Principles of Green Chemistry
Atom economy, E-factor, hazard reduction, and the twelve principles.
Principles of Green Chemistry — Atom economy, E-factor, hazard reduction, and the twelve principles.
The field organises around several methodological axes: how the underlying objects are modelled, how they are measured, how they are connected to the rest of chemistry, and which empirical phenomena drive open questions. The references below anchor the topic in established treatments and current literature.

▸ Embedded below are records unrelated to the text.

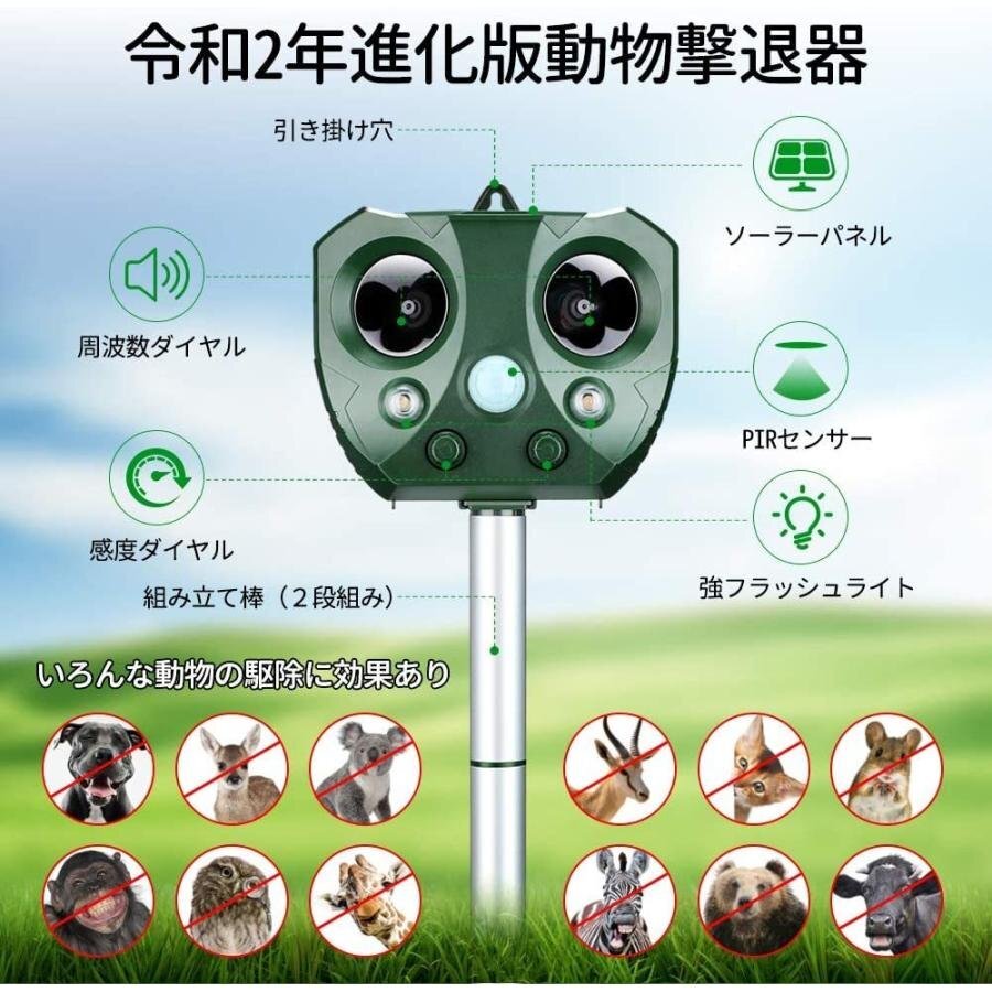 - 猫よけ 動物撃退器 動物よけ 害獣撃退 超音波 ソーラー充電 カラス猫除け 猫撃退 猫退治 モグラ退治 鳥害対策 鳥除け 犬除け 防水防
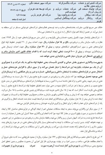 بذل و بخشش دقیقه نودی مدیران بنادر و دریانوردی از جیب سرمایه گذاران ترمینالهای نفتی بندر شهید رجایی
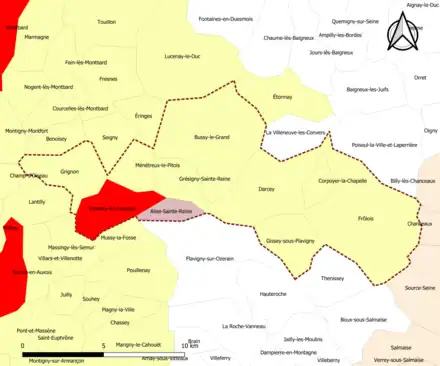 | Bussy-le-Grand | 21122 | Côte-d'Or | commune de la couronne | 29,69 | 304 (2021) | 10 | |
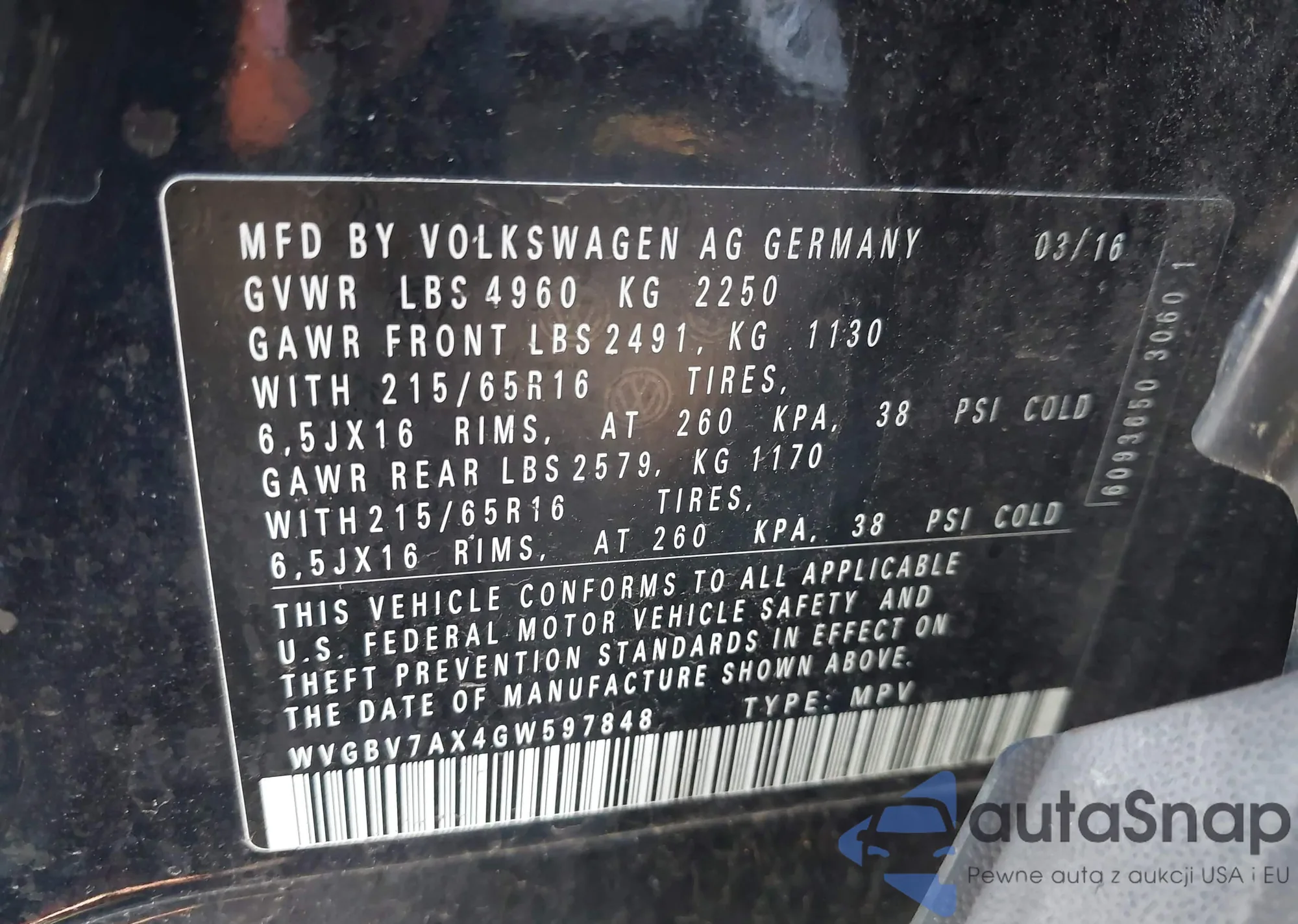 LOT: 43573222 VIN: 1HGCP2F8XCA062569
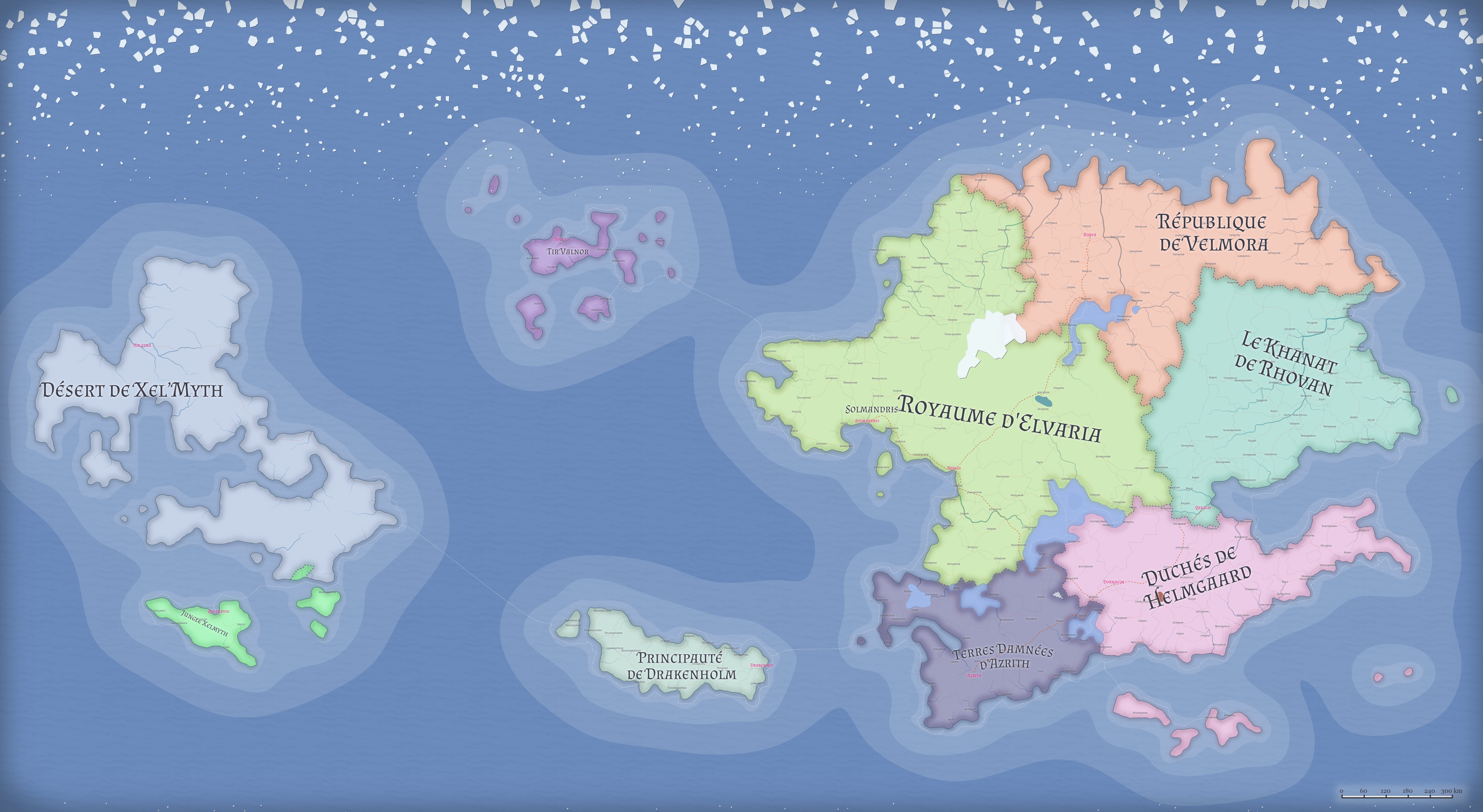 Valoria est un monde vaste et contrasté, où des empires se sont élevés et écroulés, où des civilisations oubliées dorment sous la surface et où chaque terre recèle ses propres dangers et opportunités. Voici les principaux continents et archipels qui composent ce monde:
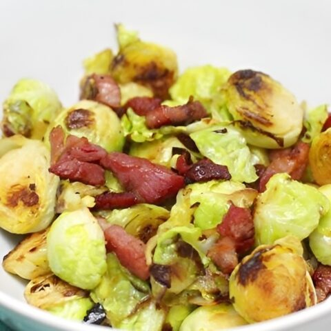 This recipe fries Brussels sprouts with salty pancetta or bacon for a quick, healthy side dish. Instead of boiling, the sprouts are sautéed until crisp, and the bacon adds savory richness that complements roasted meats.
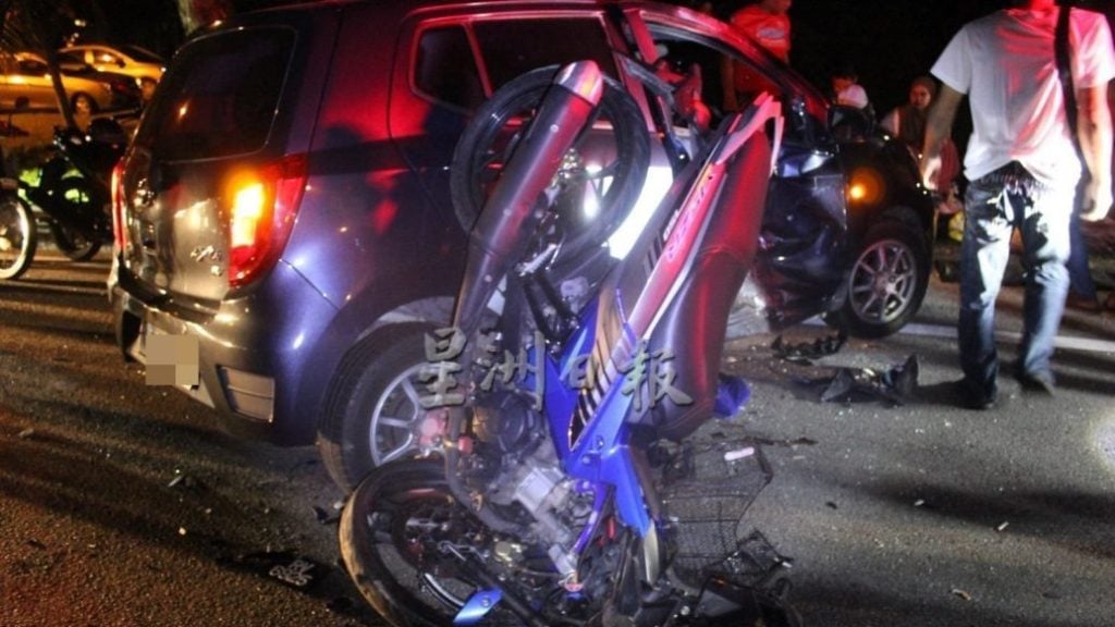 一辆摩托车撞上正在路上U转的汽车,导致21岁摩托车骑士当场丧命,而汽车内的一家六口也受轻伤送院治疗。

Foundations and core methods
Current developments
More recent or specialised work appears in Green Chemistry: Theory and Practice (Anastas and Warner, 2000), which we cite here as a general entry point to that direction; specific quantitative claims about its contribution are not made.
Open questions
Open methodological questions in principles of green chemistry include the transferability of the standard methods to harder regimes, the integration of newer measurement and modelling tools, and the connection to neighbouring subfields of green and environmental chemistry. Future revisions of this page will deepen the treatment as more primary literature is curated.
Prerequisites
Sources
- textbook · historical · 2000Green Chemistry: Theory and Practiceanastas-2000, warner-2000
In context
Where this topic sits in the prerequisite graph. Click any node to jump.
Review this topic
This page was drafted by an agent and is waiting on expert review. Spotted a wrong prerequisite, a missing concept, a misattributed source, or a factual slip? Tell us — your review opens a tracked issue maintainers act on.